Mike works on the search team at NASA’s Jet Propulsion Laboratory. There are currently over 30 active missions; several of them are in flight on other planets or around other planets, including Juno at Jupiter, and the Curiosity Rover on Mars. Where does Mike come in? As he explains, “All of these missions generate a tremendous amount of data, whether it’s project schematics or telemetry data, or even something as mundane as personnel details and records. What my job, as part of the search team is, is to parse through that data, make it searchable for our scientists and administrators to find and make actionable decisions on.”
The Spirit Rover on Mars
At NASA, Mike is surrounded by very well-educated colleagues – ”bachelors, masters, PhDs in computer science, aeronautical engineering.” Coming from a coding bootcamp, there’s a lot of opportunity for impostor syndrome to take hold. But for Mike, what really surprised him was how “it doesn’t matter if you’ve had 12 years of schooling or 12 weeks of bootcamp, you’re still going to be on Stack Overflow a fair amount of times throughout the day. I guess I was surprised and relieved to learn that everyone is always learning and always figuring this stuff out. It’s in some ways just as powerful to have the education that I got as the education of someone who went to a long degree program got.”

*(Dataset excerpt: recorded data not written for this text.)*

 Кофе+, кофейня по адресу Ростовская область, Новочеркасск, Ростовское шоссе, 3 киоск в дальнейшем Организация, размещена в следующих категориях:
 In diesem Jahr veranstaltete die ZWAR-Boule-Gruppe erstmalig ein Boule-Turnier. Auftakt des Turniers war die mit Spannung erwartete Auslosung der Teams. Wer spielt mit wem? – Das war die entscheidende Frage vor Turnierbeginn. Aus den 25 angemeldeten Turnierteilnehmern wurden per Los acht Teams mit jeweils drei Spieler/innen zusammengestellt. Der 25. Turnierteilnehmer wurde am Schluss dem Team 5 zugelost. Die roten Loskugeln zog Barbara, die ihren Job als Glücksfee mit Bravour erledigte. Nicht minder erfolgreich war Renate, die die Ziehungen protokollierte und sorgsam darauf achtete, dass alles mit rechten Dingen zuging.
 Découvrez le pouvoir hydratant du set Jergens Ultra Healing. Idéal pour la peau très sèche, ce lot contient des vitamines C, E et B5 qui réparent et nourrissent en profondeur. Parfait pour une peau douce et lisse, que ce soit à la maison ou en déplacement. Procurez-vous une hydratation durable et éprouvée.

Takeaway #3 – Mike’s best advice for anyone entering the software engineering field is to be patient with yourself. “Know you’re not going to know all the answers,” he says, “And with that, have the resourcefulness to seek out help from others or help from the internet. That’s really the way I see people be successful at work and then also, obviously, myself. You’ve just got to be a lifelong learner and read the manual and acknowledge that you don’t have all the answers and be open to mistakes and other people being right.”
What’s next for Mike?
Mike could see himself exploring product management in the future. “There are a lot of diverse stakeholders and a lot of different individuals giving input on what products should look like and what features it should have,” he says. “I think it’s a very interesting role to wade through these disparate opinions and figure out what are the critical functionalities and elements that an application should have.”